→ **Task item**:
Give back, exactly as written, the lines of the listing from the top through the line holding "Rupert Sanderson silver", and nothing more. Exclude pictures.

→ **The data**:
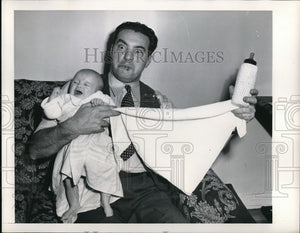 1948 Press Photo Gene Pertine Also Known As Butch Changing A Crying Baby
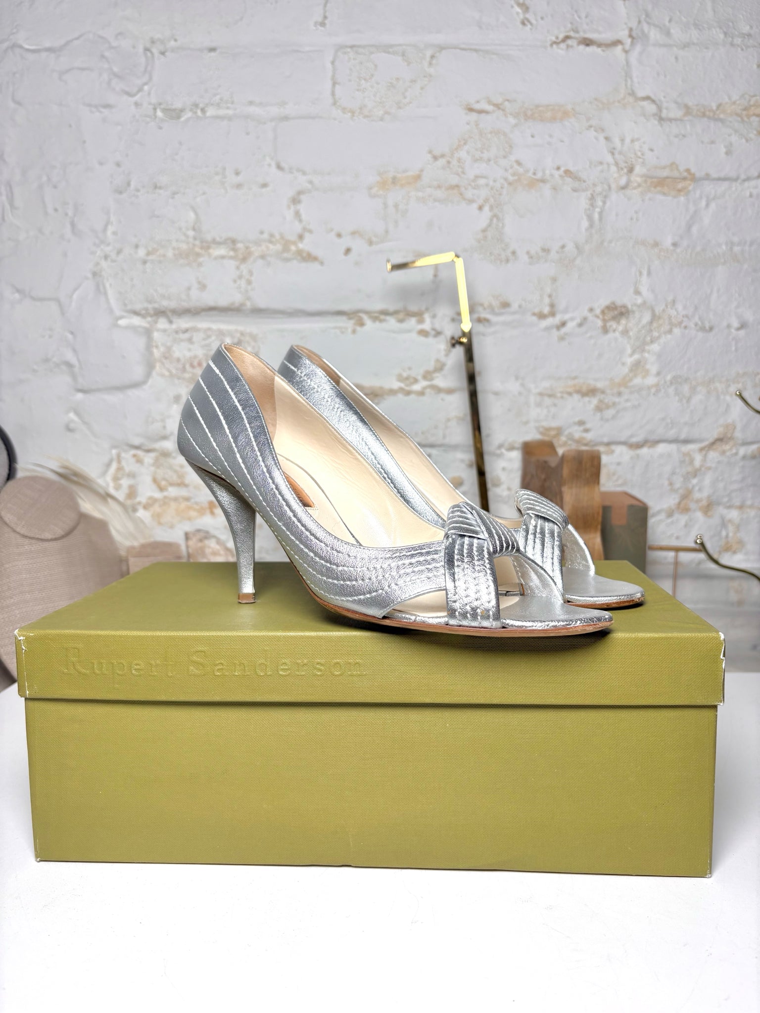 Rupert Sanderson silver metallic peep toe 3.5" kitten heels with twist knot detail at the top in a size 8.5. Comes with the original green box and dust cloth.
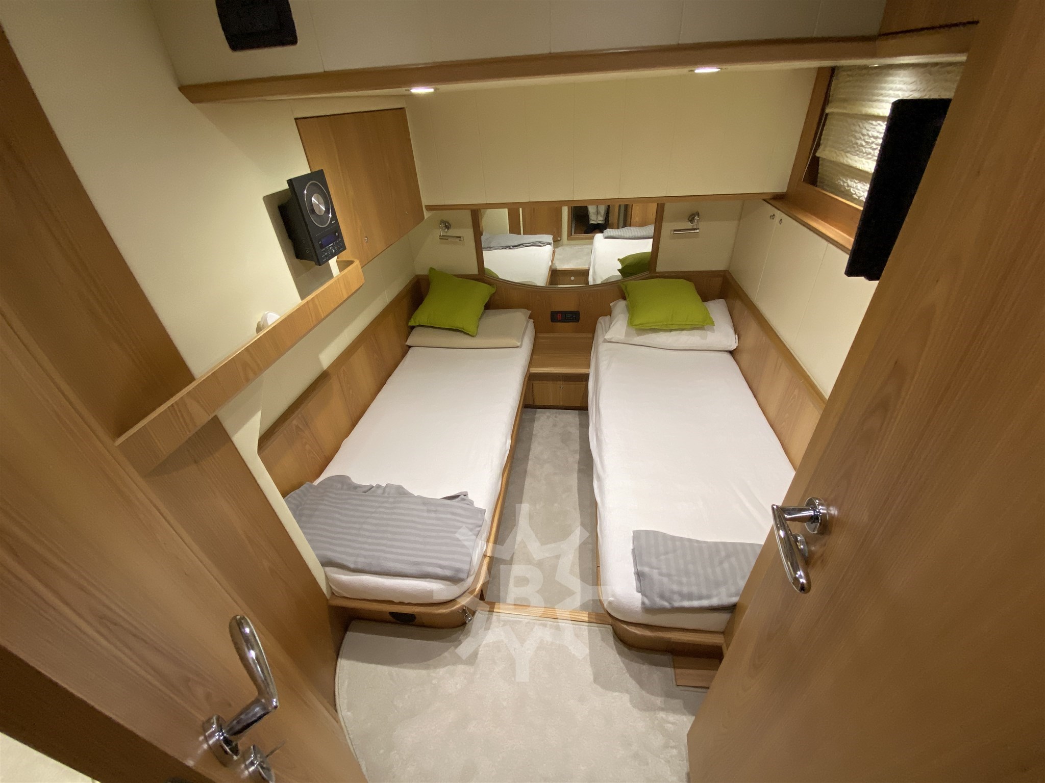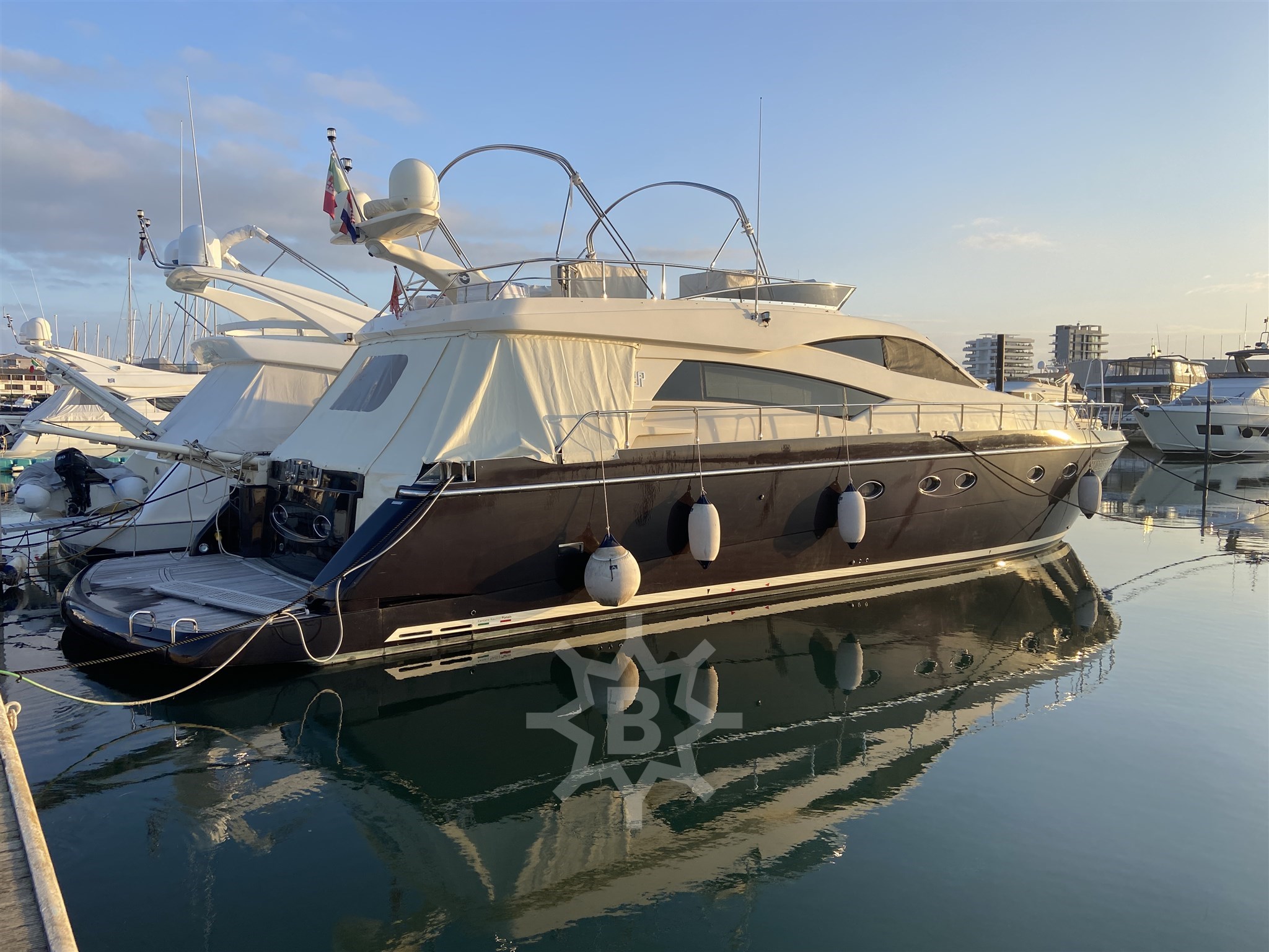 Angolo barra - Bussola - Comando motori elettronico - Ecoscandaglio - GPS - Log - Pilota automatico - Radar - Radio VHF - Camminamenti laterali in teak - Doccia esterna - Doppia timoneria - Elica di poppa - stern thruster - Elica di prua - bow thruster - Faro orientabile - Indicatori Flaps - Luci di cortesia - Luci subacquee - Passerella - Piattaforma - Pozzetto Teak - Scaletta da bagno - Tavolo pozzetto - Winch tonneggio di poppa - Winch tonneggio di prua - Aria condizionata - BBQ/ Grill - Dissalatore - Telecamera - Antenna Satellitare TV - Home Theater - Impianto TV - Stereo - TV - Frigorifero esterno - Frigorifero interno (2) - ICE Maker - Lavastoviglie - Lavatrice - Piastra elettrica - Bimini - Copripozzetto - Cuscineria completa - Cuscineria di poppa - Cuscineria di prua - Cuscineria fly - Cuscineria Pozzetto - Telo Copertura Fly - Zanzariere -
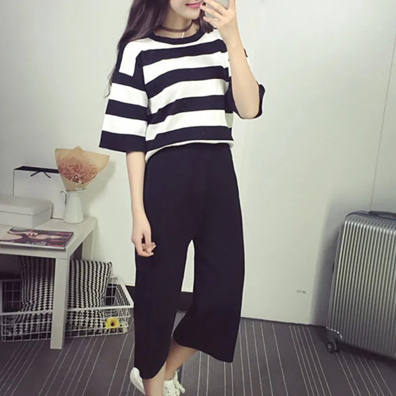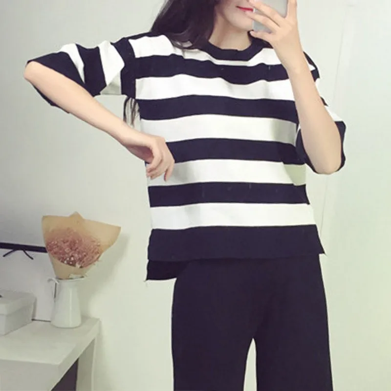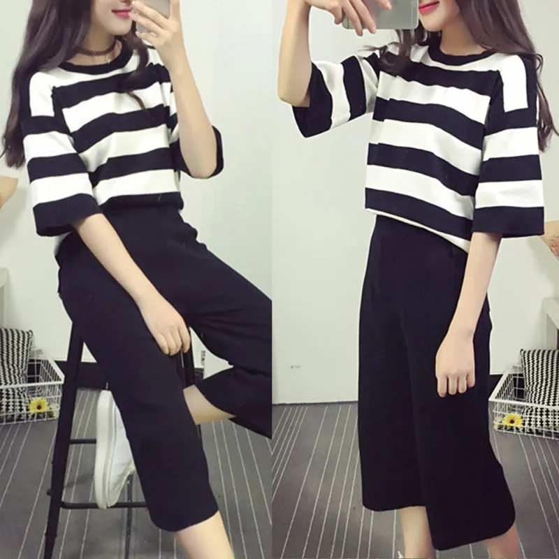 Новый летний костюм из двух предметов, женская модная повседневная полосатая футболка и свободные широкие штаны, комплект цвета морской волны, Conjunto Feminino

→ **Task answer**:
 1948 Press Photo Gene Pertine Also Known As Butch Changing A Crying Baby
 Rupert Sanderson silver metallic peep toe 3.5" kitten heels with twist knot detail at the top in a size 8.5. Comes with the original green box and dust cloth.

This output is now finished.